# EXERCISE INPUT
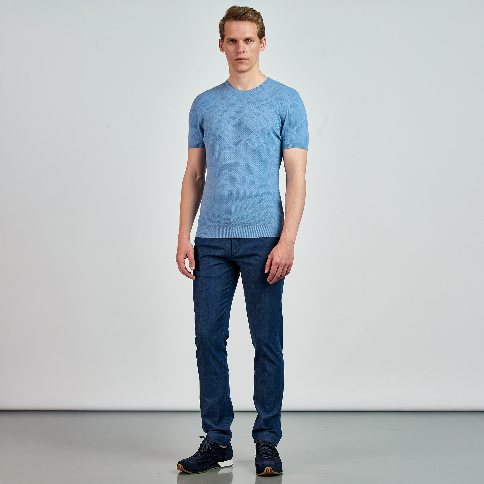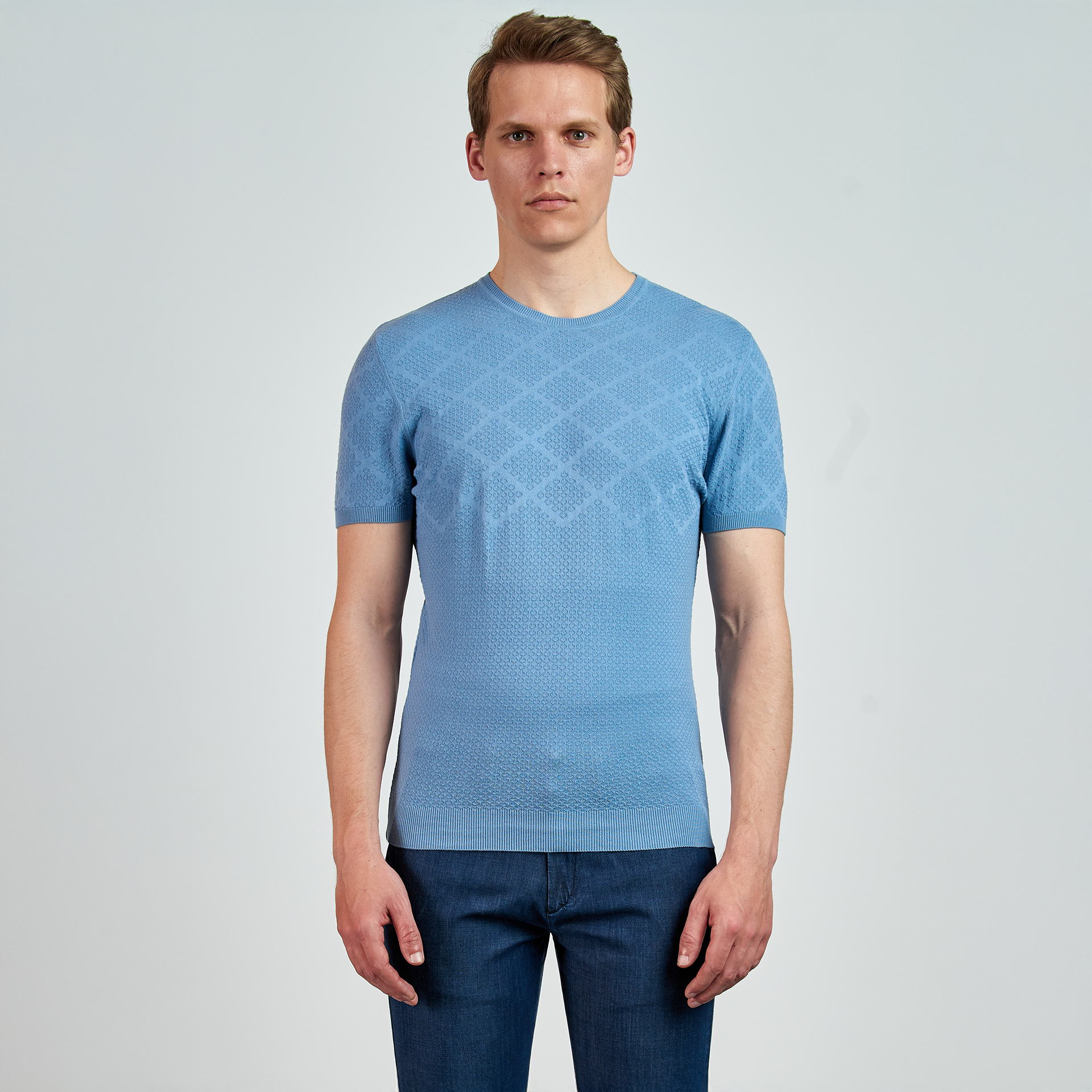 • Ürün Özellikleri : Bisiklet yaka, ense logo nakış detaylı, Baklava Desen Jakarlı Triko
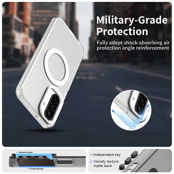 Pouzdro Techsuit CandyCase MagSafe se pyšní minimalistickým a vysoce kvalitním designem. Je vyrobeno z odolného, transparentního materiálu, který nechá vyniknout originální vzhled vašeho Samsungu Galaxy A26 5G. Klíčovým prvkem je integrovaný bílý MagSafe kroužek na zadní straně, který zajišťuje silnou a spolehlivou magnetickou adhezi. Díky tomu je pouzdro plně kompatibilní s bezdrátovým nabíjením a MagSafe příslušenstvím, jako jsou nabíjecí peněženky.
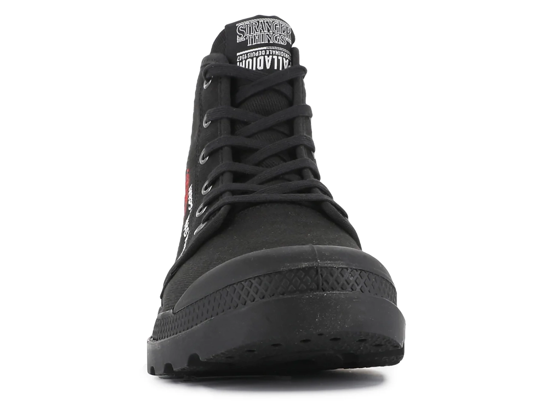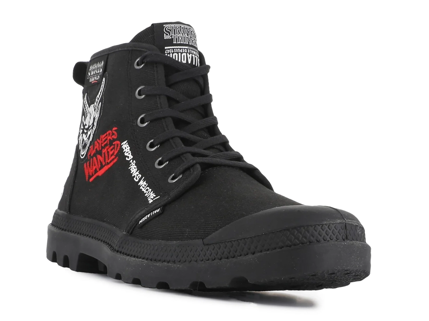 • Palladium Pampa Hellfire All Black — Spezialedition Canvas-Boot inspiriert vom Stranger Things Hellfire Club mit Stickereien und umgekehrtem Branding.
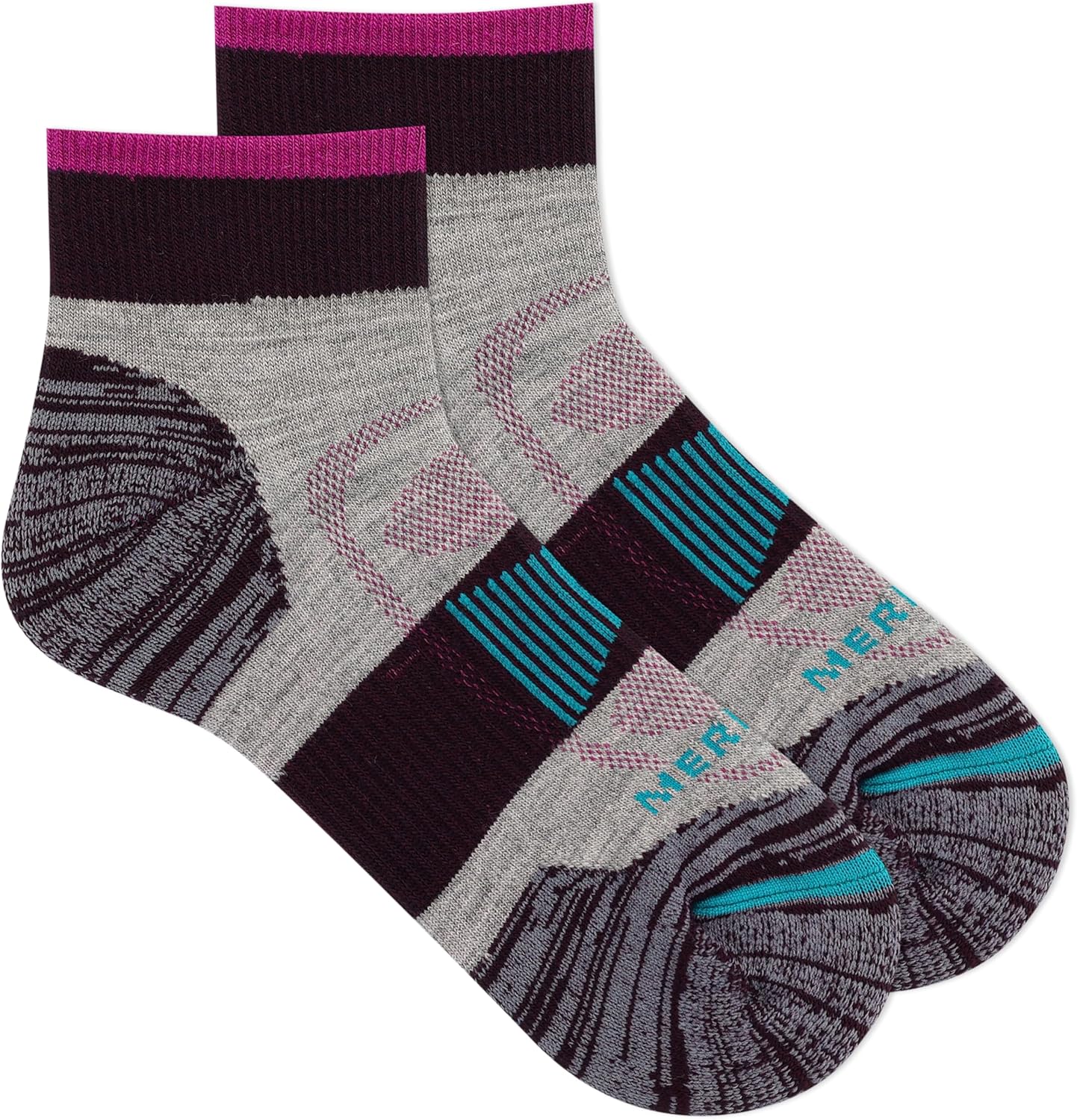 Merrell Men's and Women's Zoned Cushioned Wool Hiking Ankle Socks-Breathable Arch Support(Burgundy)
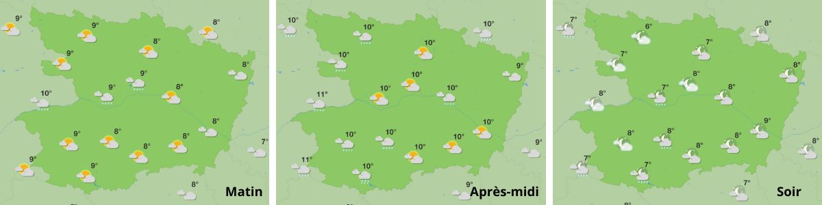Le ciel sera très couvert tout au long de la journée avec une alternance entre quelques éclaircies et des pluies de faible intensité. Les températures seront comprises entre 9°C et 10°C en moyenne. Nous fêterons les Viviane !
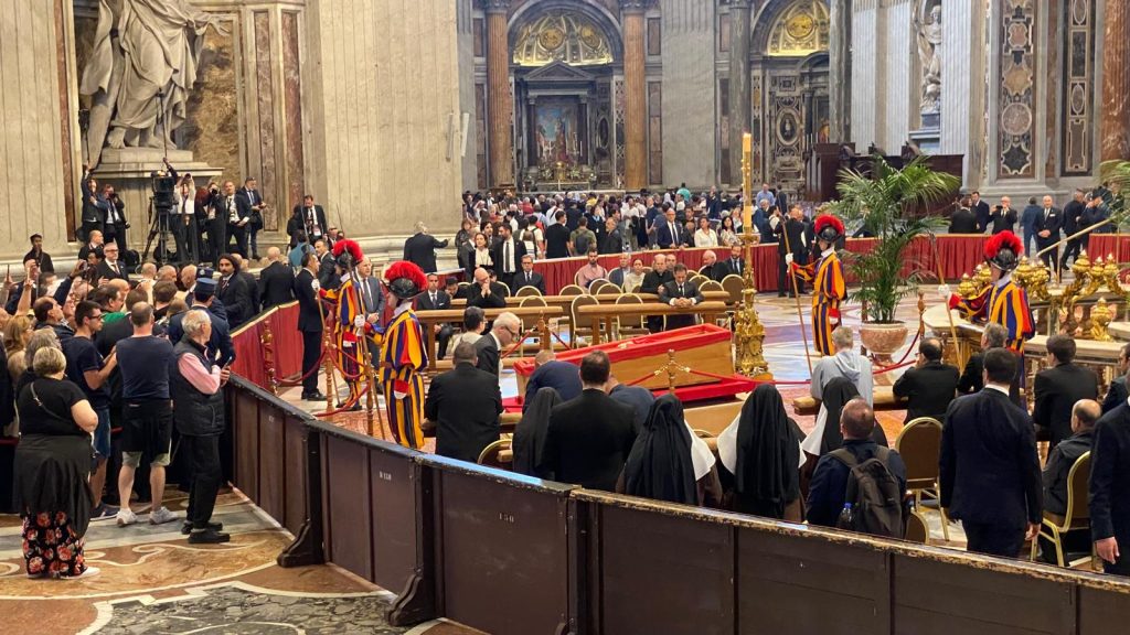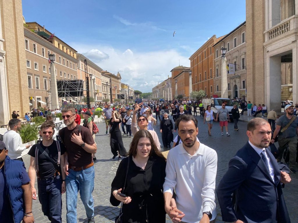 “In basilica – riferisce il direttore – molto silenzio, anche incredulità, per una morte arrivata improvvisa, dopo l’uscita in piazza del giorno di Pasqua. Via della Conciliazione è piena di gente. Tanti i giovani. Gli unici rumori sono quelli degli operai che stanno allestendo il sagrato per i funerali di sabato 26 aprile”.
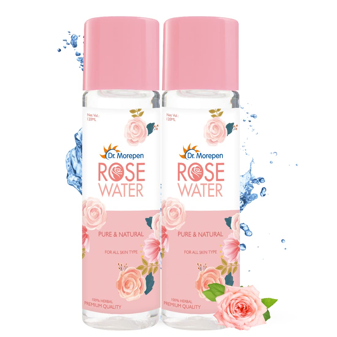 Dr. Morepen Rose Water - Pure & Natural | 100% Herbal, High in Vitamin A & C, Good For All Skin Types | Natural Rose Water - Pack of 2 (120 ml each)
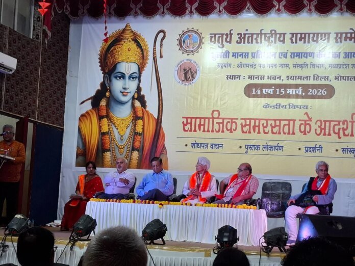 जबलपुर दर्पण । तुलसी मानस प्रतिष्ठान भोपाल, रामायण केंद्र भोपाल,श्रीरामचंद्र पथ गमन, संस्कृति विभाग, मध्य प्रदेश शासन के संयुक्त तत्वाधान में  दिनांक 13 मार्च एवं 14 मार्च 2026 को मानस भवन, भोपाल में आयोजित किए जा रहे दो दिवसीय चतुर्थ अंतरराष्ट्रीय रामायण कॉन्फ्रेंस में रामायण केंद्र जबलपुर इकाई के संयोजक इंजी . संतोष कुमार मिश्र ‘ असाधु’ ने भगवान शिव द्वारा ‘ श्रीरामचरितमानस ग्रंथ के नामकरण ‘ विषय पर  एक अत्यंत रोचक शोध पत्र प्रस्तुत किया गया । इस कॉन्फ्रेंस में देश-विदेश से लगभग 60 शोध पत्र प्राप्त हुए हैं। अपने संबोधन में रामायण केंद्र जबलपुर इकाई के संयोजक एवं प्रसिद्ध धार्मिक चिंतक इंजी. संतोष कुमार मिश्र ‘असाधु ‘ जो कि वर्तमान में मध्य प्रदेश पॉवर मैनेजमेंट कंपनी लिमिटेड जबलपुर में अधीक्षण अभियंता के पद पर कार्यरत हैं,के द्वारा बताया गया कि रामचरित मानस कोई सामान्य किस्सा-कहानी वाला ग्रंथ कदापि नहीं है बल्कि यह एक अत्यंत गूढ़ ब्रह्म विद्या विज्ञान है। उन्होंने बताया कि ईश्वर के द्वारा सृष्टि निर्माण से लेकर सृष्टि के विनाश के मूल में केवल और केवल मन तत्व ही होता है। हमारा मन दुनियां के उस दरवाजे की तरह होता है जिसके एक ओर से प्रवेश करने पर यह जीव या तो दुनियां के भिन्न-भिन्न मायावी झंझावातों में फंस जाता है वहीं दूसरी ओर मन द्वार से बाहर से निकल कर वह दुनियांदारी के चक्र से सदा-सदा के लिए मुक्त हो जाता है। श्री मिश्र ने अपने इस शोध पत्र में रामचरितमानस के प्रत्येक कांड में भिन्न-भिन्न पात्रों के माध्यम से मन तत्व की व्याख्या की गई। इसके अतिरिक्त रामचरित मानस के नामकरण के सम्बन्ध में और भी कई गूढ़ विषयों का रहस्योद्घाटन किया गया। श्री मिश्र के इस अनूठे शोध पत्र की भूरि-भूरि प्रशंसा करते हुए उन्हें आयोजकों द्वारा भी सम्मानित किया गया है।

# REQUIRED ACTION
Only the lines from the start of the records to the line with "und umgekehrtem Branding." belong in the copy. Print them exactly, minus pictures.

# WRITTEN REPLY
 • Ürün Özellikleri : Bisiklet yaka, ense logo nakış detaylı, Baklava Desen Jakarlı Triko
 Pouzdro Techsuit CandyCase MagSafe se pyšní minimalistickým a vysoce kvalitním designem. Je vyrobeno z odolného, transparentního materiálu, který nechá vyniknout originální vzhled vašeho Samsungu Galaxy A26 5G. Klíčovým prvkem je integrovaný bílý MagSafe kroužek na zadní straně, který zajišťuje silnou a spolehlivou magnetickou adhezi. Díky tomu je pouzdro plně kompatibilní s bezdrátovým nabíjením a MagSafe příslušenstvím, jako jsou nabíjecí peněženky.
 • Palladium Pampa Hellfire All Black — Spezialedition Canvas-Boot inspiriert vom Stranger Things Hellfire Club mit Stickereien und umgekehrtem Branding.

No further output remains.